───── Dataset entries

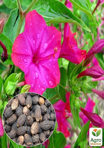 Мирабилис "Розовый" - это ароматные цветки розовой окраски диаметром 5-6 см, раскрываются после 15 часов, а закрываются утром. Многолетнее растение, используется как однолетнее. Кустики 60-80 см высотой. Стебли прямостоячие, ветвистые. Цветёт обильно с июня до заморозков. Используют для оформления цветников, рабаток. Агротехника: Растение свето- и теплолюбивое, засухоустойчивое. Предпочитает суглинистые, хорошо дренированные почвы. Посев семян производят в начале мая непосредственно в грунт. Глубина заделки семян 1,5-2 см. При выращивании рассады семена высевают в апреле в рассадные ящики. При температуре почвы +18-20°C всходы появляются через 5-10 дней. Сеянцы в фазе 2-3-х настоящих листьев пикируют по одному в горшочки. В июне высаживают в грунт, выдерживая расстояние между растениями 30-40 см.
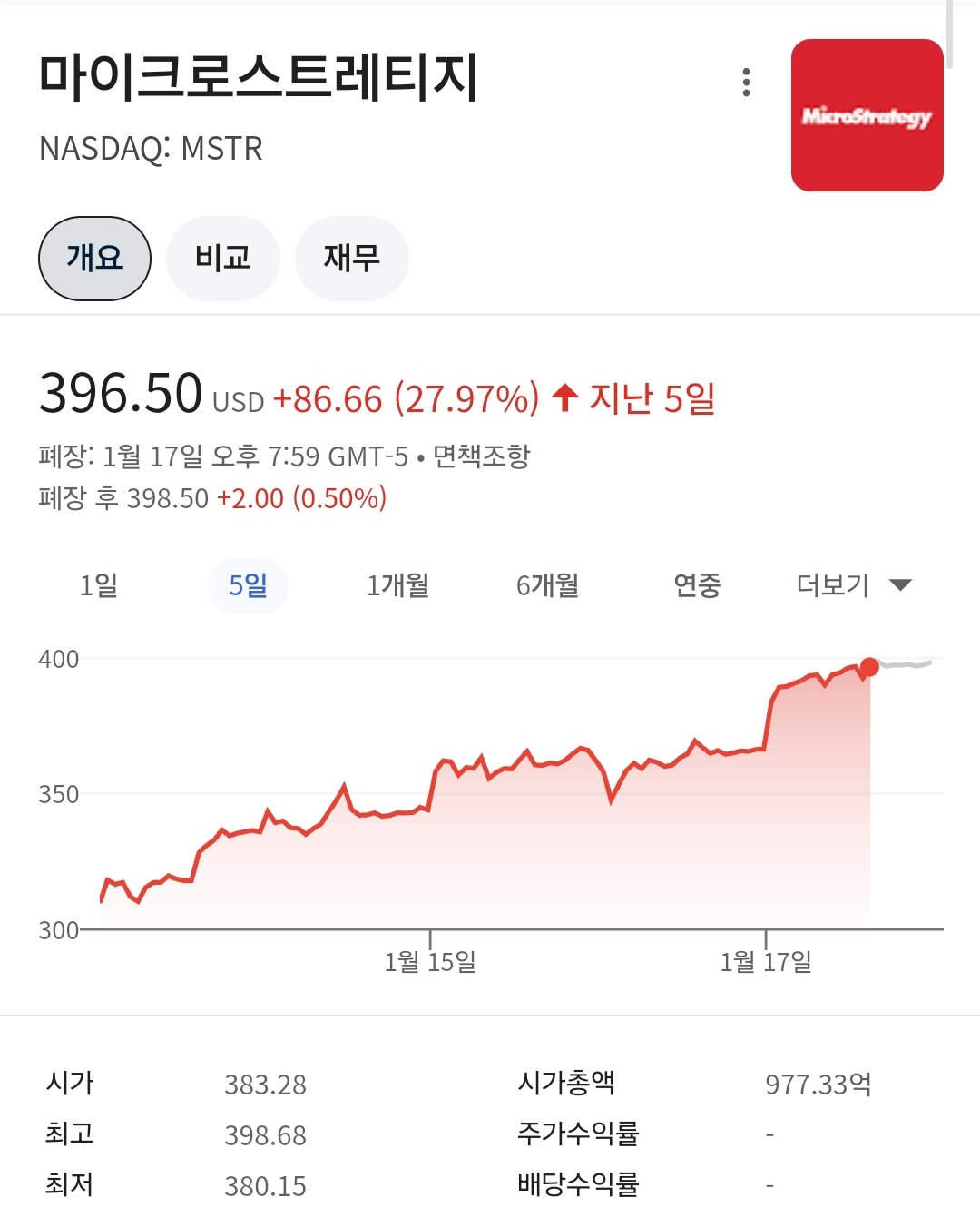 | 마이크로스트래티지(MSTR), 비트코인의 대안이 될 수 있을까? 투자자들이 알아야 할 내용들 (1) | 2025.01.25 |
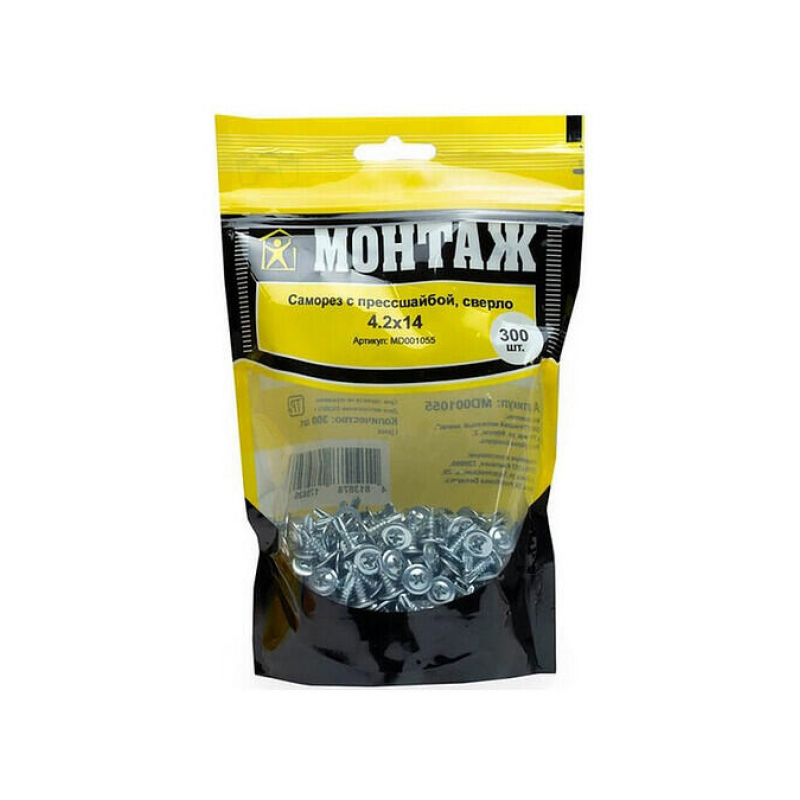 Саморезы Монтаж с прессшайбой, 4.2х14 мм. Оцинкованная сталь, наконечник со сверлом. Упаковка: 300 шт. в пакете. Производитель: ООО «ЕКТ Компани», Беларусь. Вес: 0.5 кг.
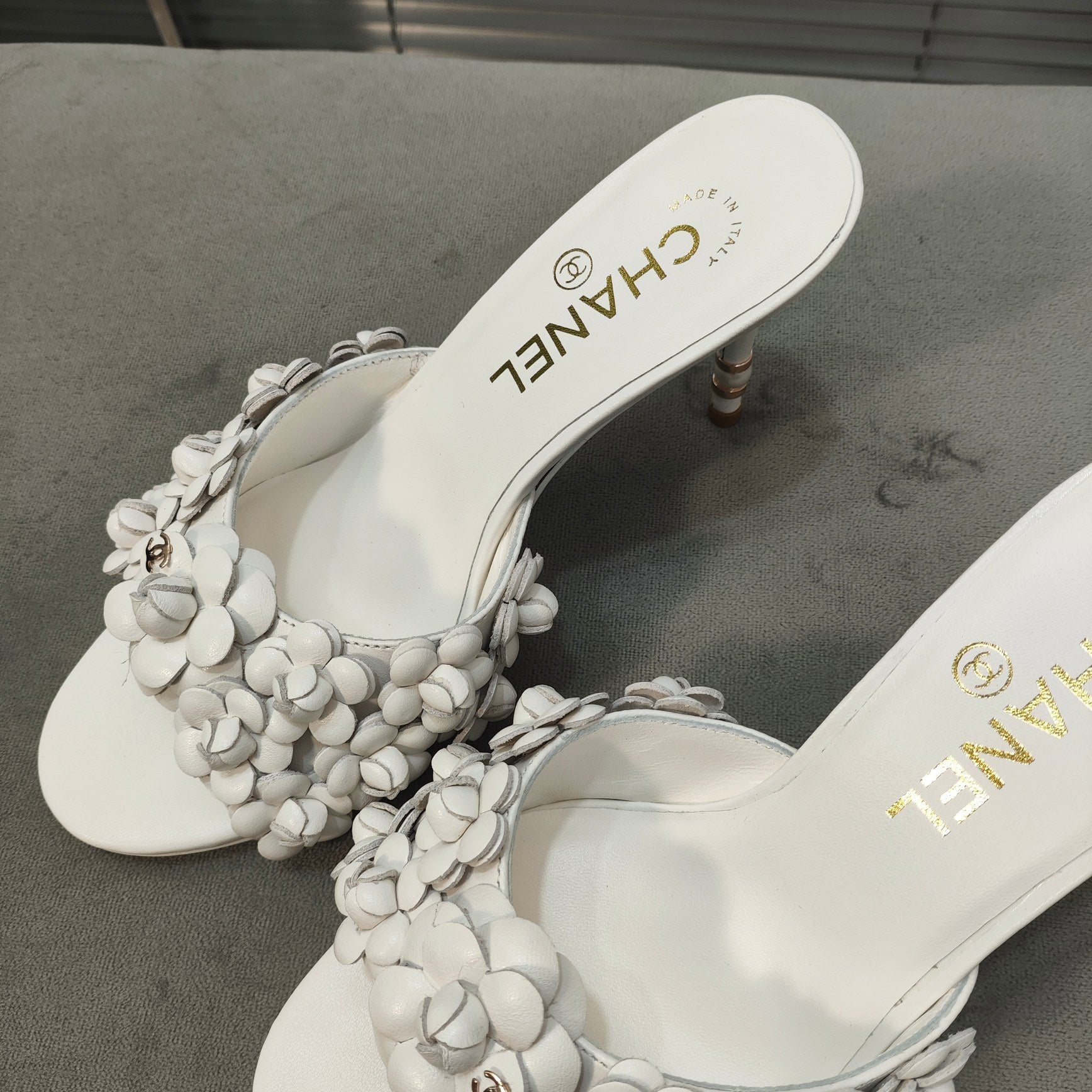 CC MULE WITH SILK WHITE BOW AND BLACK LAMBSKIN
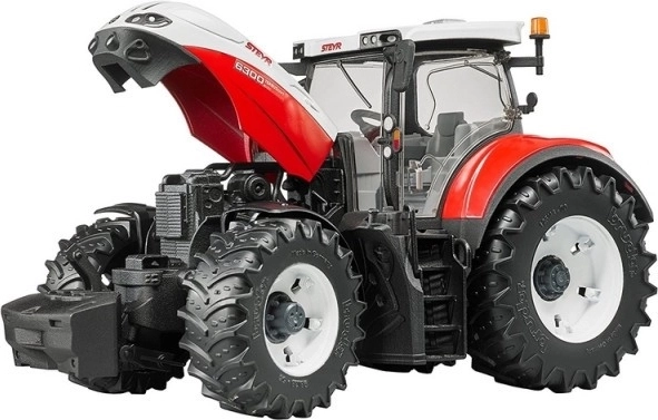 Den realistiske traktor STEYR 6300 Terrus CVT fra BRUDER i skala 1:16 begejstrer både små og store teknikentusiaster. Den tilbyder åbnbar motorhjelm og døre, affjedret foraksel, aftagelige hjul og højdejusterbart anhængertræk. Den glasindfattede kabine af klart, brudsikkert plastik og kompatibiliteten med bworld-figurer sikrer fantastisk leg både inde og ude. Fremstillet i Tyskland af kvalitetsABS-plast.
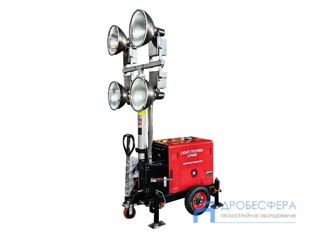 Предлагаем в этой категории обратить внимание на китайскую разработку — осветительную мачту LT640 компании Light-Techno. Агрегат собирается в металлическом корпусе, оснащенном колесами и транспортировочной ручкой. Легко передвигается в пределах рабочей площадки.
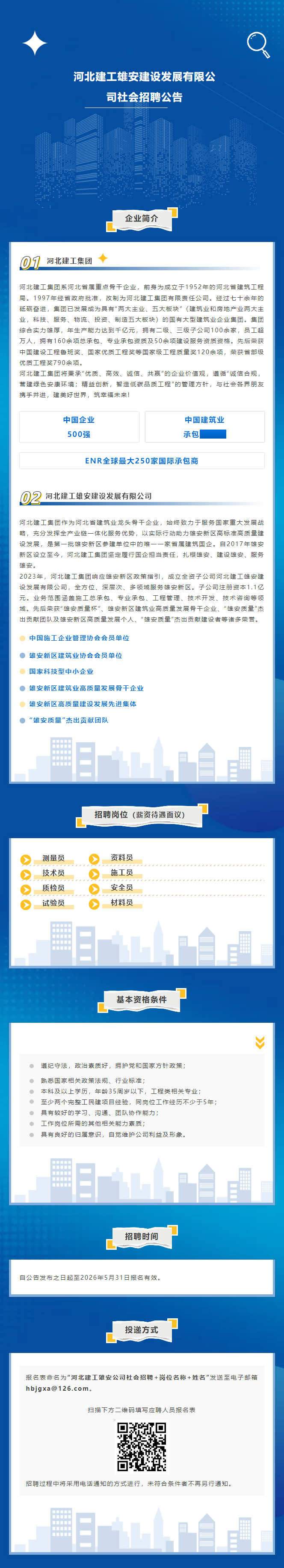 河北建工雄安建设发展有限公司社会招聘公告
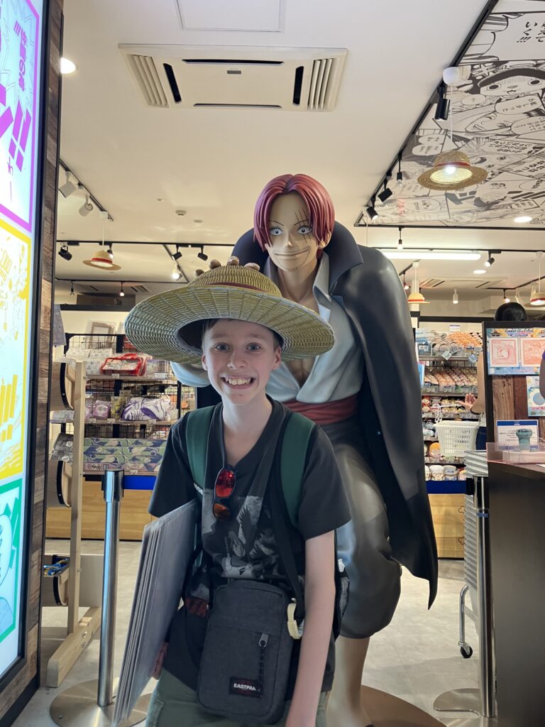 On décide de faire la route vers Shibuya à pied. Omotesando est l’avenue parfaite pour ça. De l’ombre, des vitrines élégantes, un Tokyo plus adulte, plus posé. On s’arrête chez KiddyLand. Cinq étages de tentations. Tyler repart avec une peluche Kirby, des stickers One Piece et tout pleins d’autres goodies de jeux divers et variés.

──────────

- Task prompt
Make an exact copy of the lines from the top of the material through the line with "Den realistiske traktor", pictures excluded.

- Exercise result
 Мирабилис "Розовый" - это ароматные цветки розовой окраски диаметром 5-6 см, раскрываются после 15 часов, а закрываются утром. Многолетнее растение, используется как однолетнее. Кустики 60-80 см высотой. Стебли прямостоячие, ветвистые. Цветёт обильно с июня до заморозков. Используют для оформления цветников, рабаток. Агротехника: Растение свето- и теплолюбивое, засухоустойчивое. Предпочитает суглинистые, хорошо дренированные почвы. Посев семян производят в начале мая непосредственно в грунт. Глубина заделки семян 1,5-2 см. При выращивании рассады семена высевают в апреле в рассадные ящики. При температуре почвы +18-20°C всходы появляются через 5-10 дней. Сеянцы в фазе 2-3-х настоящих листьев пикируют по одному в горшочки. В июне высаживают в грунт, выдерживая расстояние между растениями 30-40 см.
 | 마이크로스트래티지(MSTR), 비트코인의 대안이 될 수 있을까? 투자자들이 알아야 할 내용들 (1) | 2025.01.25 |
 Саморезы Монтаж с прессшайбой, 4.2х14 мм. Оцинкованная сталь, наконечник со сверлом. Упаковка: 300 шт. в пакете. Производитель: ООО «ЕКТ Компани», Беларусь. Вес: 0.5 кг.
 CC MULE WITH SILK WHITE BOW AND BLACK LAMBSKIN
 Den realistiske traktor STEYR 6300 Terrus CVT fra BRUDER i skala 1:16 begejstrer både små og store teknikentusiaster. Den tilbyder åbnbar motorhjelm og døre, affjedret foraksel, aftagelige hjul og højdejusterbart anhængertræk. Den glasindfattede kabine af klart, brudsikkert plastik og kompatibiliteten med bworld-figurer sikrer fantastisk leg både inde og ude. Fremstillet i Tyskland af kvalitetsABS-plast.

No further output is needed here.